Medical Writer

Job Description

Overview

Medpace is a scientifically-driven, global, full-service clinical contract research organisation (CRO) providing Phase I-IV clinical development services to the biotechnology, pharmaceutical and medical device industries. Medpace’s mission is to accelerate the global development of safe and effective medical therapeutics through its high-science and disciplined operating approach. We leverage local regulatory and deep therapeutic expertise across all major areas including oncology, cardiology, metabolic disease, endocrinology, central nervous system, anti-viral and anti-infective. Headquartered in Cincinnati, Ohio, Medpace employs approximately 3,000 people across 40 countries.

Job Summary

Our corporate activities are growing rapidly, and we are currently seeking a full-time, office-based senior level Medical Writer to join our Medical Writing/Regulatory Affairs team.
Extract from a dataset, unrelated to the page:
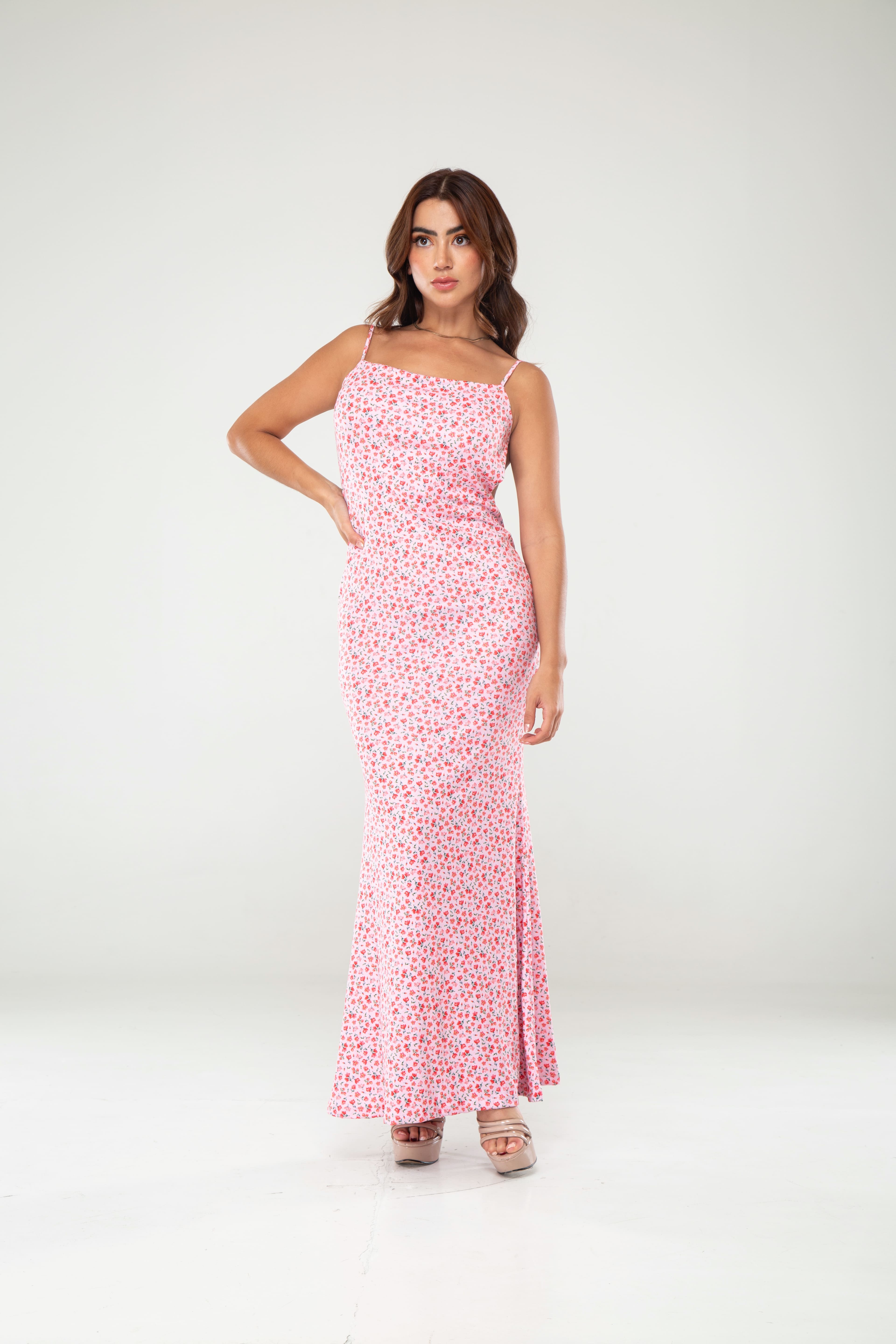 Vestido ceñido en tela piel durazno estampada, suave y fresca. Con tirantes delgados, espalda descubierta y estampado floral en tonos azules que aporta un look romántico y elegante. Ideal para lucir delicada y estilizada.

This position will work on a team to accomplish tasks and projects that are instrumental to the company’s success. If you want an exciting career where you use your previous expertise and can develop and grow your career even further, then this is the opportunity for you.

Responsibilities

• Write quality clinical study reports, protocols, protocol amendments and potentially other regulatory documents such as clinical development plans, FDA briefing documents, and IND, NDA, and MAA modules;
• Project manage writing assignments with internal teams including medics, statisticians, clinical operations, etc.;
• Coordinate and periodically conduct quality control reviews of documents and maintaining audit trails of changes;
• Provide input on data analysis planning and interpretation;
• Work on new and complex projects with no oversight; and
• Mentor and train less experienced Medical Writers.

Qualifications

• PhD preferred in biology or related field, Masters Degree in a life science considered;
• Significant experience in Medical writing including being the primary author on Ph 1-3 clinical study protocols and clinical study reports under ICH E3 guidance;
• Demonstrated experience in project leadership skills;
• Experienced in Mentoring and training others;
• Prior experience in the clinical research, pharmaceutical;
• Excellent Microsoft office skills, and a high attention to detail; and
• Strong communication skills (both written and oral).

Why Medpace?

When you join Medpace, you become part of a team dedicated to supporting the development of ground breaking drugs and devices. Our employees provide hope for those living with debilitating diseases. We invite you to be a part of something that is impacting millions of people around the globe while enjoying a competitive total compensation and benefits package and internal growth opportunities.

Awards

• Medpace Named a Top Cincinnati Workplace for 2015, 2016, 2017 and 2018 by the Cincinnati Enquirer
• Winner of the ACRP-Avoca CRO Quality Award in 2018
• Recognized with six CRO Leadership Awards from Life Science Leader magazine
• Eagle Award winner - which recognizes outstanding leadership, professionalism, integrity, and dedication to advancing the clinical research profession through strong site partnerships

What to Expect Next

We look forward to receiving your application. A member of our recruitment team will review your qualifications and if interested, you will be contacted for an interview.

EO/AA Employer M/F/Disability/Vets

*WARNING: Please beware of phishing scams that offer opportunities with Medpace in exchange for sending money. These scammers pose as legitimate employees from actual companies. Please be advised that a Medpace employee will never ask you for a credit card, send you a check, or ask you for any type of payment as part of consideration for a role with our company. All of our careers require that you first complete an online application and go through some sort of interview process.